Exercise directions: Print all of the records. Exclude the images.

Input records:

[Start of section]

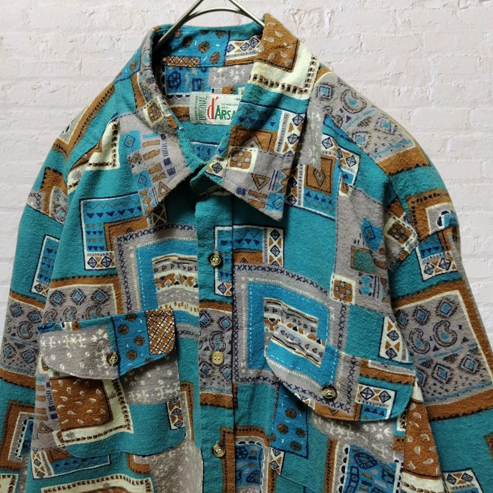 昭和レトロ ストリート パッチワーク風 クレイジーパターン 長袖シャツ バンダナ柄 民族柄 幾何学模様 ターコイズブルー系
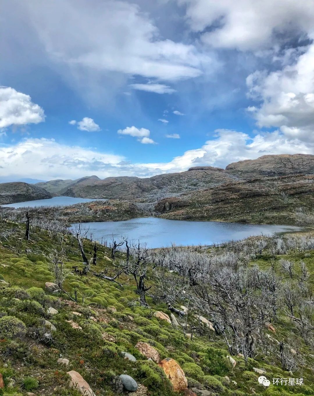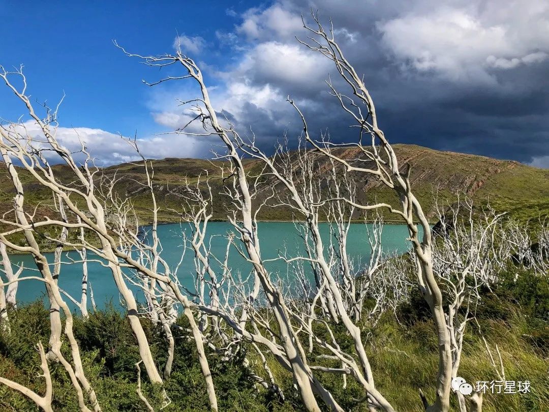山鷹瞭望台背面的“墳場”。漫山遍野的枯枝亡幹,像被冰晶附着,透露着一股深深的寂靜與肅殺之感,為百內風光增添了一份關於生命的厚重。
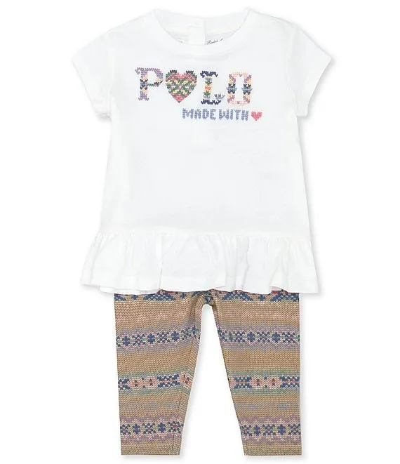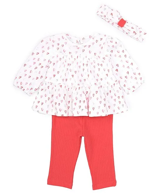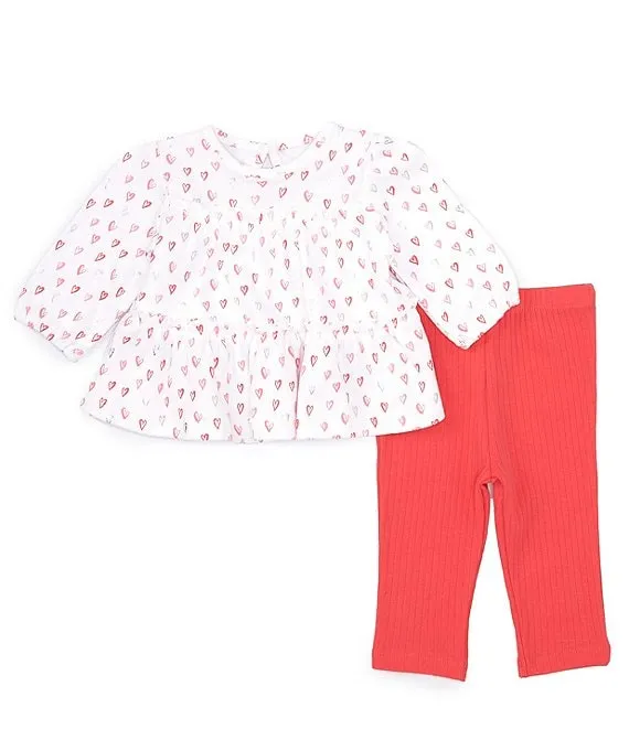 Baby Girls 3-12 Months Long-Sleeve Heart Print Tunic Top & Solid Leggings Set
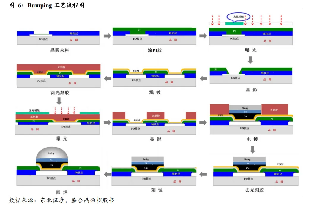 Bumping 工艺是先进封装的基石,取代引线键合实现高密度电气互联。凸块是一种微型金属球或柱形连接物,用于实现芯片与基板等的短距离、高密度的电气互联和信号传输。Bumping 指通过溅镀、光刻、电镀、刻蚀等工序,在晶圆表面制造凸块。相比引线焊接,Bumping 工艺可以缩短连接电路的长度、降低信号传输的延迟、减小芯片的封装体积,同时允许芯片有更高的I/O密度、更优良的热传导性及可靠性。
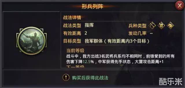 其中【猎敌之锋】为法系战法,【陷敌之谋】为物理系战法,而【形兵列阵】是一个综合型的战法。下面,笔者将逐一对这三个战法进行分析。
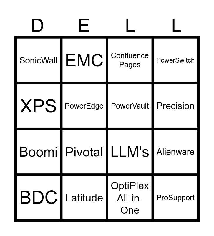 This bingo card has 46 words: Free!, BDC, ADC, TDC, CSG, ISG, EMC, VxRail, PowerEdge, PowerMax, PowerVault, PowerSwitch, PowerStore, PowerProtect, PowerScale, PowerOne, Precision, Latitude, OptiPlex, XPS, Alienware, Wyse, SonicWall, Boomi, VMware, Pivotal, SecureWorks, RSA, Dell Financial Services, ProSupport, Inspiron, Vostro, Precision Mobile Workstation, Alienware Gaming, G Series Gaming, Venue Tablets, OptiPlex All-in-One, UltraSharp Monitors, ProSupport Plus, Gen-AI, Prompt Engineering, Confluence Pages, LLM's, Jira, Atlassian Tools and ERG's.

[End of section]

Task solution:
 昭和レトロ ストリート パッチワーク風 クレイジーパターン 長袖シャツ バンダナ柄 民族柄 幾何学模様 ターコイズブルー系
山鷹瞭望台背面的“墳場”。漫山遍野的枯枝亡幹,像被冰晶附着,透露着一股深深的寂靜與肅殺之感,為百內風光增添了一份關於生命的厚重。
 Baby Girls 3-12 Months Long-Sleeve Heart Print Tunic Top & Solid Leggings Set
 Bumping 工艺是先进封装的基石,取代引线键合实现高密度电气互联。凸块是一种微型金属球或柱形连接物,用于实现芯片与基板等的短距离、高密度的电气互联和信号传输。Bumping 指通过溅镀、光刻、电镀、刻蚀等工序,在晶圆表面制造凸块。相比引线焊接,Bumping 工艺可以缩短连接电路的长度、降低信号传输的延迟、减小芯片的封装体积,同时允许芯片有更高的I/O密度、更优良的热传导性及可靠性。
 其中【猎敌之锋】为法系战法,【陷敌之谋】为物理系战法,而【形兵列阵】是一个综合型的战法。下面,笔者将逐一对这三个战法进行分析。
 This bingo card has 46 words: Free!, BDC, ADC, TDC, CSG, ISG, EMC, VxRail, PowerEdge, PowerMax, PowerVault, PowerSwitch, PowerStore, PowerProtect, PowerScale, PowerOne, Precision, Latitude, OptiPlex, XPS, Alienware, Wyse, SonicWall, Boomi, VMware, Pivotal, SecureWorks, RSA, Dell Financial Services, ProSupport, Inspiron, Vostro, Precision Mobile Workstation, Alienware Gaming, G Series Gaming, Venue Tablets, OptiPlex All-in-One, UltraSharp Monitors, ProSupport Plus, Gen-AI, Prompt Engineering, Confluence Pages, LLM's, Jira, Atlassian Tools and ERG's.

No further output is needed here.